Simeon was never raised to the Episcopate, but he held in his day a diocese in the hearts of men compared with which many an episcopal mitre waned; and he descended to his grave with the tears and blessings of the poor, and esteem and attachment alike of the learned and less learned members of the University.

Amongst the Clergy of the time one name more -we feel we are standing on holy ground, and shrink from associating it with any party, for it is a name which men of all parties are unanimous in extolling-one of the best that ever adorned the annals of the Church Catholic, remains to be recorded.

Henry Martyn (1781–1812), “the Missionary," the younger son of a "Captain" or mine-agent, was born at Truro, and educated at Truro Grammar School, which, under the mastership of Dr. Carden, attained much celebrity from the success of its pupils. At the age of fourteen he tried for a Scholarship at Corpus College, Oxford, but being unsuccessful he returned to school, and in 1797 entered at St. John's College, Cambridge, where in the previous year his friend and school-fellow Kempthorne, a disciple of Simeon, had taken his degree as Senior Wrangler. Having but little knowledge of mathematics, he began his University career by learning Euclid by heart, but under the tuition of Kempthorne the powers of his mind were developed, and in 1801 he came out

as Senior Wrangler, and first Smith's Prizeman, becoming in the following year Fellow of his College 2.

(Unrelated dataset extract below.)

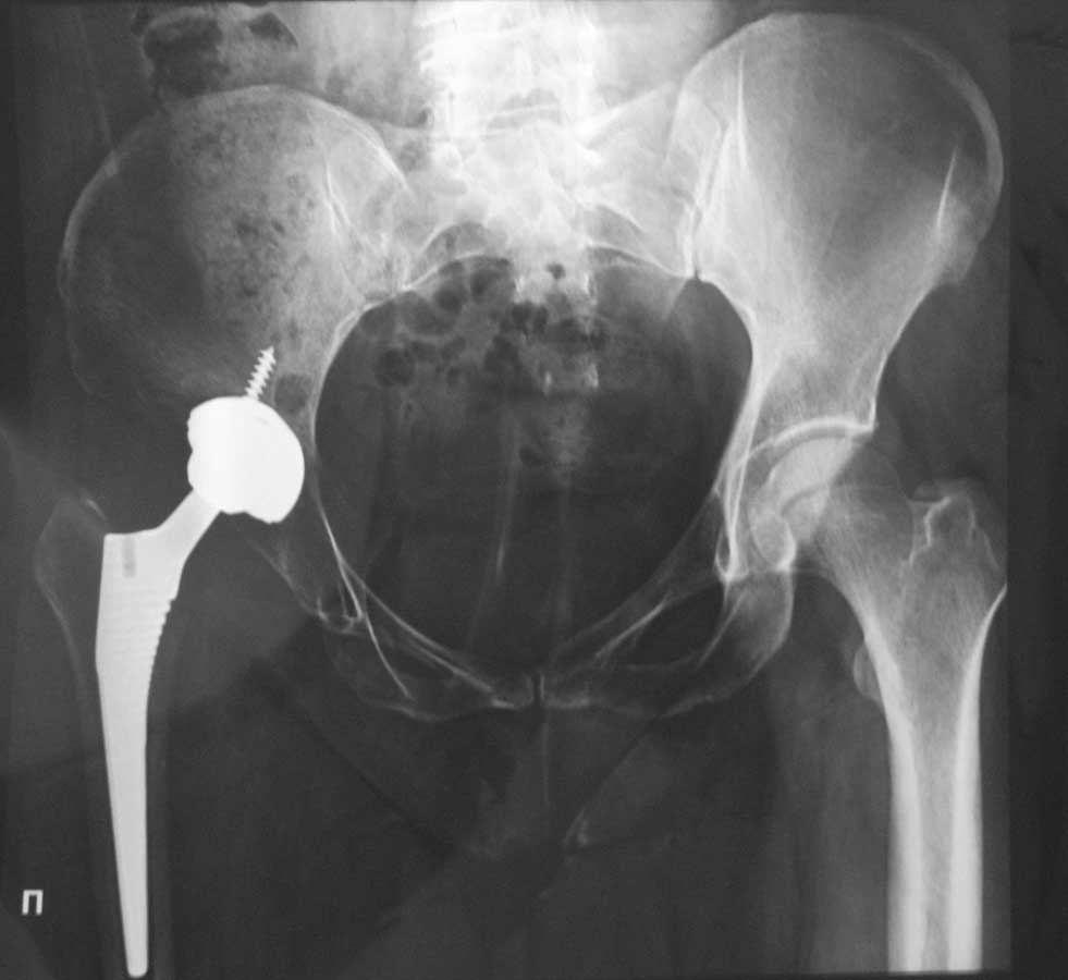 У пациентки имел место диспластичсекий коксартроз- это видно по тому, куда Вы установили чашку эндопротеза- выше истинной вертлужной впадины! По причине того, что деформация у пациентки давняя-длительное время бедро было приведено и ротировано наружу! Соответственно и коленный сустав был адаптирован к имевшей место дисфункции тазобедренного сустава! После решения вопроса с тазобедренным суставом, не произошла обратная адаптация коленного сустава, наоборот усилился вальгус в коленном суставе, имевший место и ранее, до Вашей операции!Судя по снимку, офсет у бедренной ножки стандартный! У данного типа ножек меньшего офсета небывает, есть только больший офсет! Можно конечно было использовать ножку с модульной шейкой, где можно регулировать шеечно-диафизарный угол! Но это уже невозможно-операция выполнена! Нужны снимки всей конечности и возможно коррегирующей остеотомией области коленного сустава можно будет решить возникшую проблему, при отсутствии нестабильности медиальногосвязочного комплекса коленного сустава !

Martyn had proposed to devote himself to the Bar, but about this time he became a disciple and (as he himself would have said) a convert of Simeon, whom he heard speak of the nobleness of missionary life, to which a fresh impulse had lately been given by the Evangelical party. His thoughts were at once filled with the importance of the subject, and in 1802 he offered himself for work to the Church Missionary Society, which had been lately founded. In October, 1803, he was ordained Deacon, and acted as Simeon's curate at Cambridge, still looking forward to undertaking work amongst the heathen. The scheme for going out under the Church Missionary Society having fallen through, he, by the advice of Mr. Simeon and Mr. Wilberforce, and the active aid of Mr. Grant, accepted, in 1805, a Chaplaincy in the East India Company's Service. Having preached his last sermon in Holy Trinity Church, he left Cambridge on the Monday in Holy Week, the congregation, to show their grief at his loss, agreeing to spend in fasting and prayer the day on which he was to sail, and a crowd of undergraduates attending him to the outskirts of the town. On July 5, 1805, he sailed for India.

In 1802 he obtained the Members' Prize for Latin Prose.

The horrors of that voyage cannot be exaggerated. He was mercilessly ridiculed by all the officers on board, and not only ridiculed but hated: he, so gentle himself and opposed to censuring others, was compelled, in consequence of the profligacy of those on board, to denounce during several weeks the judgment of God upon sin. They consented to hear him preach, but he must say nothing about Hell. The next sermon he preached to them was from the text, "The wicked shall be turned into Hell, and all the people that forget God." It caused a momentary triumph; but the mockery continued to the end.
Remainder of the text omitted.